WHAT IS NEEDED: Pictures are to be left out, but please repeat each record exactly.
GIVEN RECORDS: Begin
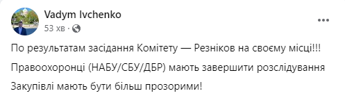 "Резников на своем месте, правоохранители должны завершить расследование", - написал народный избранник после заседания Оборонного комитета Рады, где рассматривали сандальную закупку продуктов для военных.
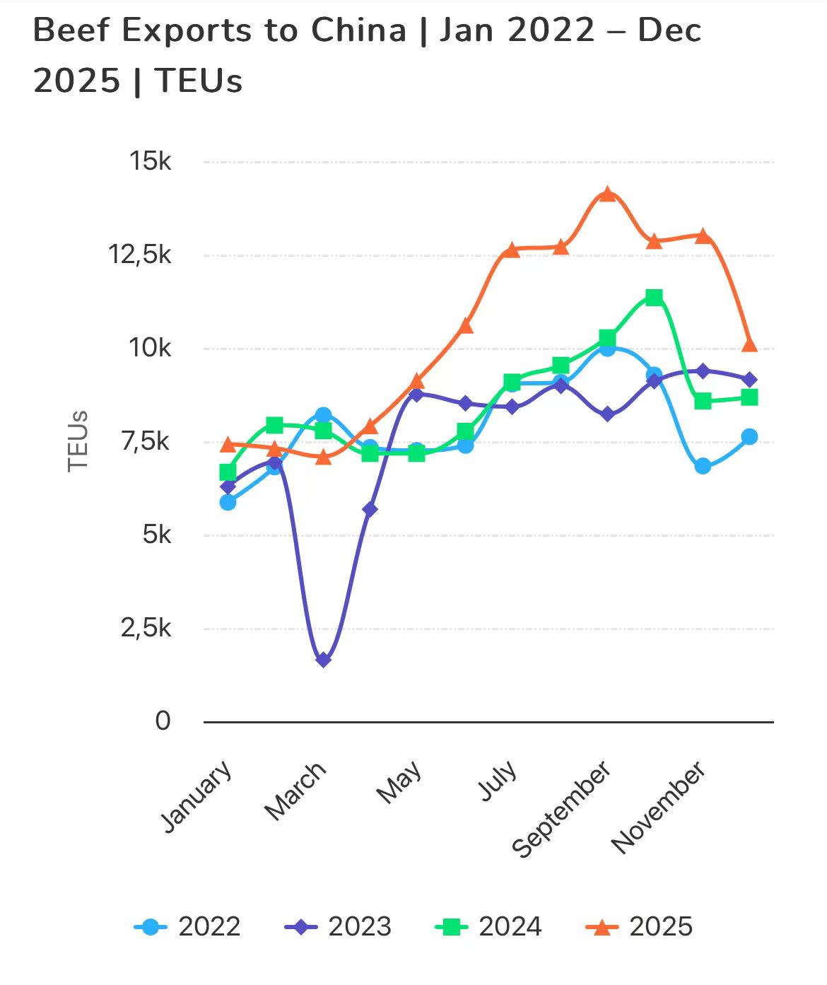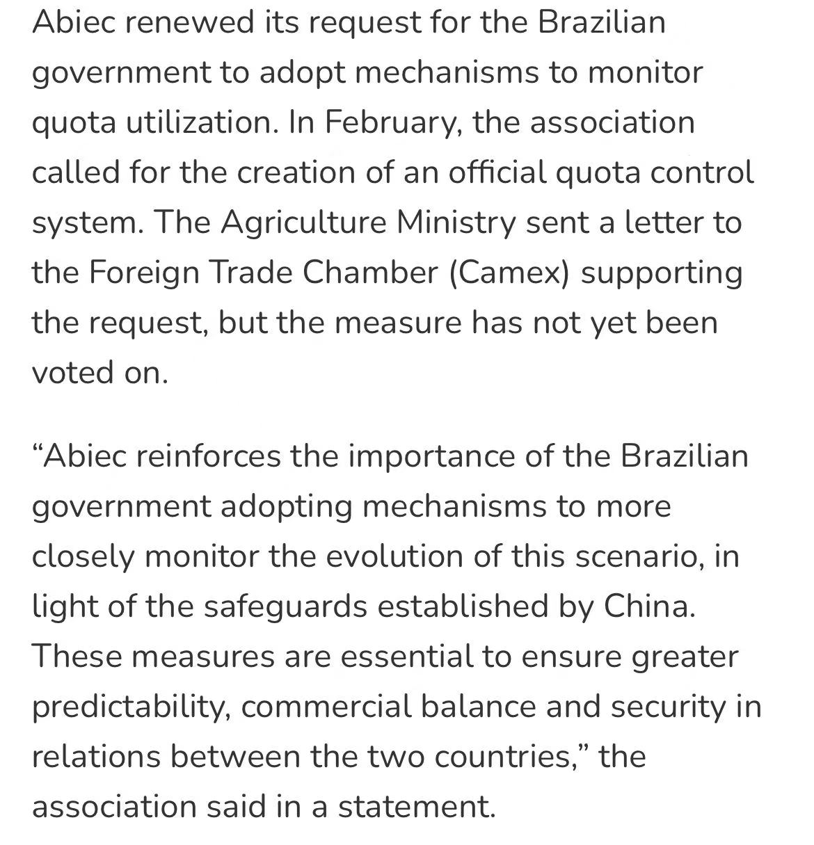 ABIEC表示,配额使用速度过快“为全年出口表现敲响警钟”,呼吁巴西政府建立官方配额管控机制,包括按企业过往份额分配、季度发放、月度监测等建议,以避免前期集中发货、后期无货可发的局面。
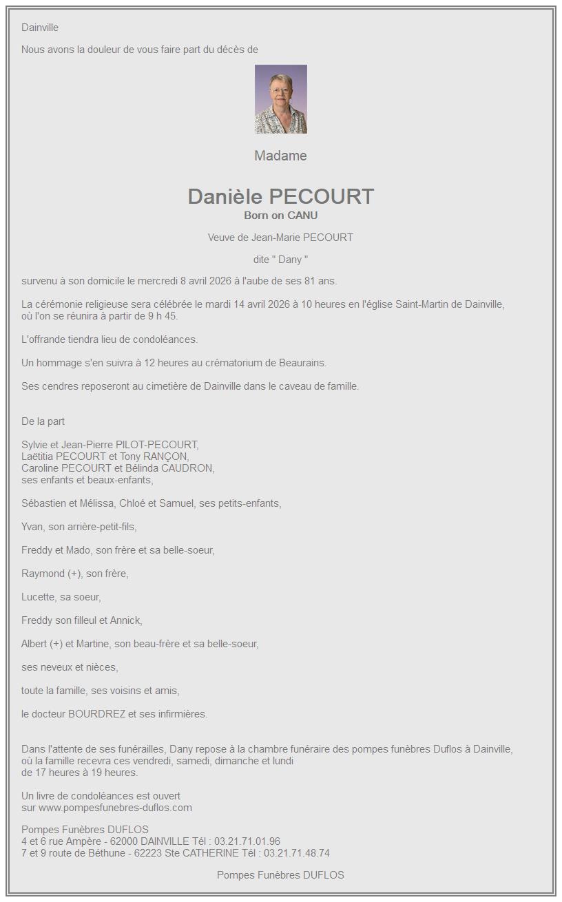 Avis de décès de Madame Danièle PECOURT née CANU
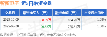 证券之星消息,10月9日,智新电子(920212)融资买入83.55万元,融资偿还24.66万元,融资净买入58.89万元,融资余额834.7万元。
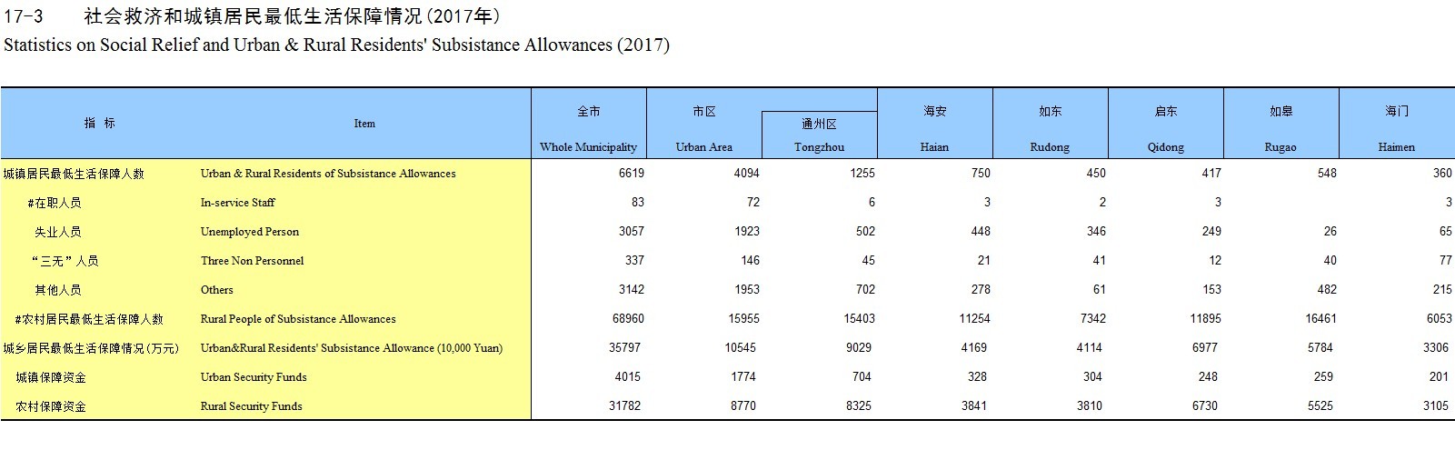 17-3 社会救济和城镇居民最低生活保障情况(2017年)
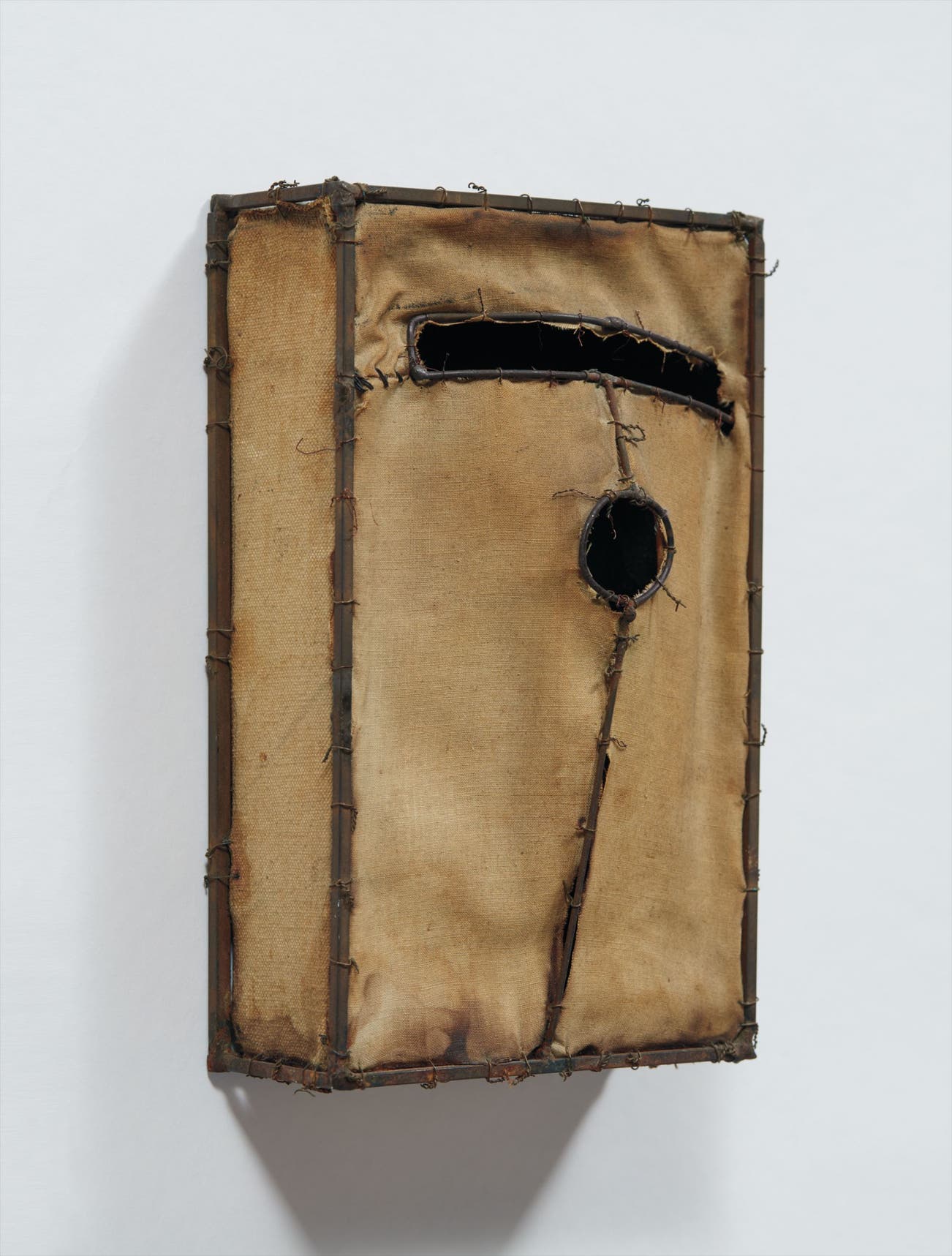 One of the first artists to employ a three-dimensional format that defies the categorizations of both painting and sculpture, Lee Bontecou is renowned for her success as a female artist in a period of male-dominated minimalism. Beginning in the late 1950s during her studies in Rome, and having won a Fulbright scholarship in 1956, Bontecou was inspired by the architectural structures of the ancient city. Her first sculptures were made during this time period, composed of terracotta over welded metal supports. The present lot belongs to the year that the artist returned to New York in 1959 and received recognition in the post-war minimalist sphere, when there was a pivotal shift in her sculptural practice. Having discovered the use of a blowtorch, Bontecou began creating lightweight, welded metal frameworks, which she subsequently filled with wire mesh, canvas and muslin. Untitled is one of the most recognizable and renowned examples from the very beginning of this important transition for Bontecou.
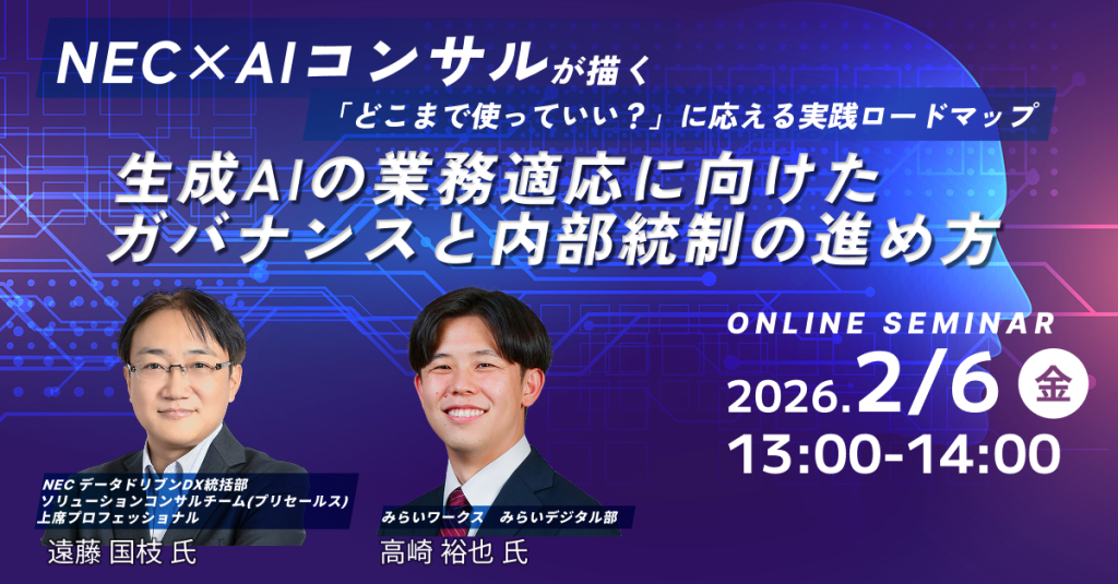 【セミナー告知】2月6日(金)13:00~生成AIの業務適応に向けたガバナンスと内部統制の進め方~NEC×AIコンサルが描く、「どこまで使っていい?」に応える実践ロードマップ~|オンライン開催
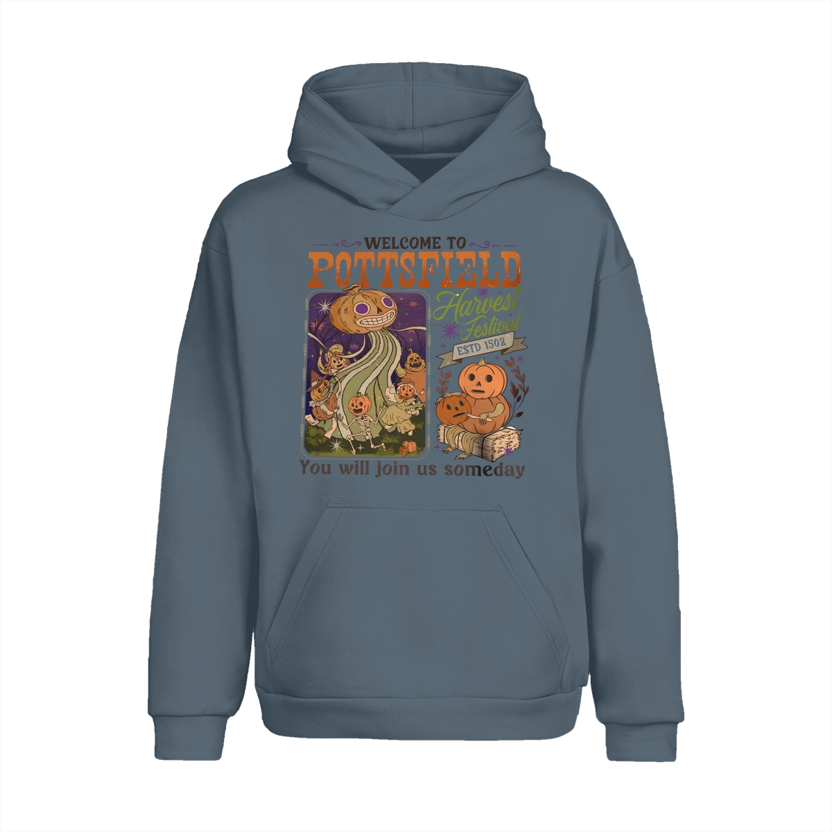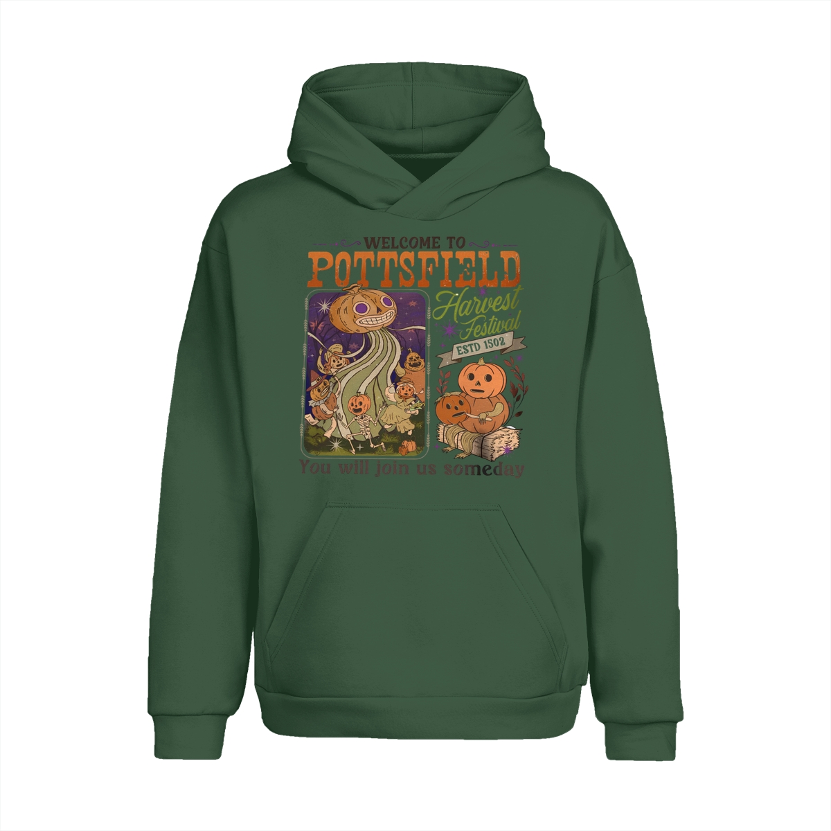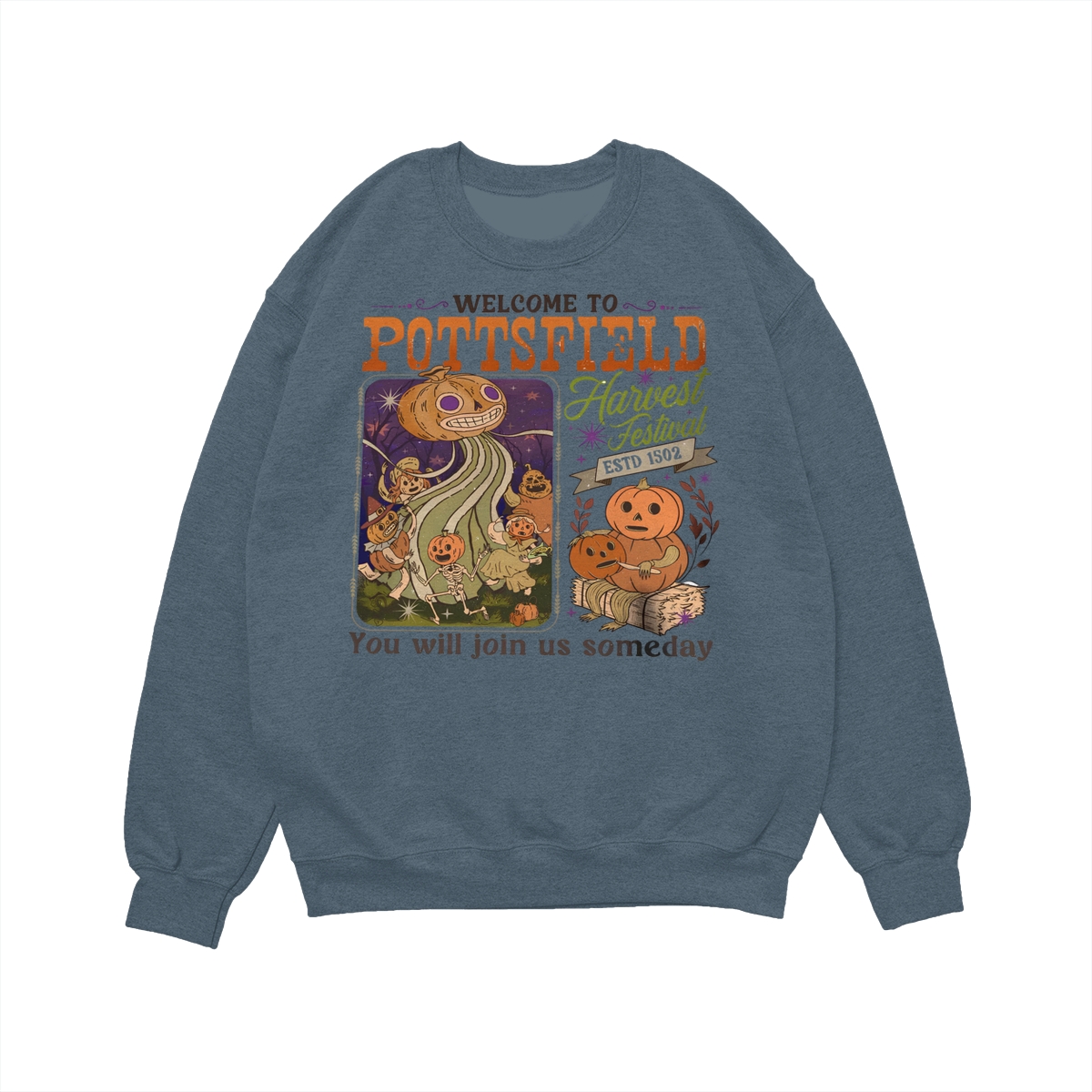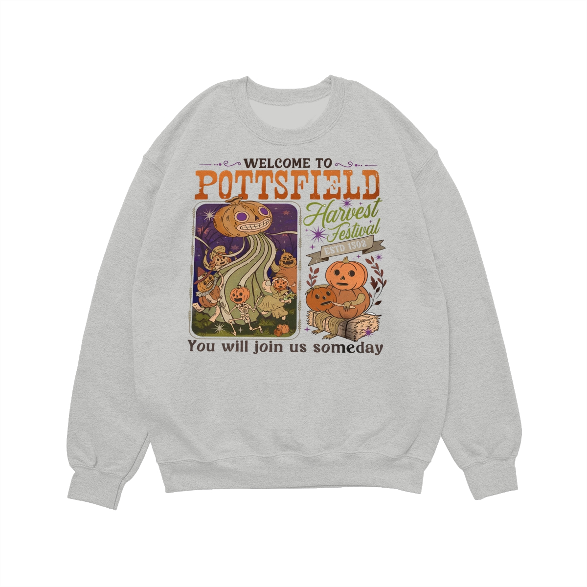 Pottsfield Harvest Festival T-Shirt, Halloween Skeleton Pumpkin Tee, Autumn Carver Shirt for Spooky Season
GIVEN RECORDS: End
SOLUTION TO THE PROBLEM:
 "Резников на своем месте, правоохранители должны завершить расследование", - написал народный избранник после заседания Оборонного комитета Рады, где рассматривали сандальную закупку продуктов для военных.
 ABIEC表示,配额使用速度过快“为全年出口表现敲响警钟”,呼吁巴西政府建立官方配额管控机制,包括按企业过往份额分配、季度发放、月度监测等建议,以避免前期集中发货、后期无货可发的局面。
 Avis de décès de Madame Danièle PECOURT née CANU
 证券之星消息,10月9日,智新电子(920212)融资买入83.55万元,融资偿还24.66万元,融资净买入58.89万元,融资余额834.7万元。
 17-3 社会救济和城镇居民最低生活保障情况(2017年)
 One of the first artists to employ a three-dimensional format that defies the categorizations of both painting and sculpture, Lee Bontecou is renowned for her success as a female artist in a period of male-dominated minimalism. Beginning in the late 1950s during her studies in Rome, and having won a Fulbright scholarship in 1956, Bontecou was inspired by the architectural structures of the ancient city. Her first sculptures were made during this time period, composed of terracotta over welded metal supports. The present lot belongs to the year that the artist returned to New York in 1959 and received recognition in the post-war minimalist sphere, when there was a pivotal shift in her sculptural practice. Having discovered the use of a blowtorch, Bontecou began creating lightweight, welded metal frameworks, which she subsequently filled with wire mesh, canvas and muslin. Untitled is one of the most recognizable and renowned examples from the very beginning of this important transition for Bontecou.
 【セミナー告知】2月6日(金)13:00~生成AIの業務適応に向けたガバナンスと内部統制の進め方~NEC×AIコンサルが描く、「どこまで使っていい?」に応える実践ロードマップ~|オンライン開催
 Pottsfield Harvest Festival T-Shirt, Halloween Skeleton Pumpkin Tee, Autumn Carver Shirt for Spooky Season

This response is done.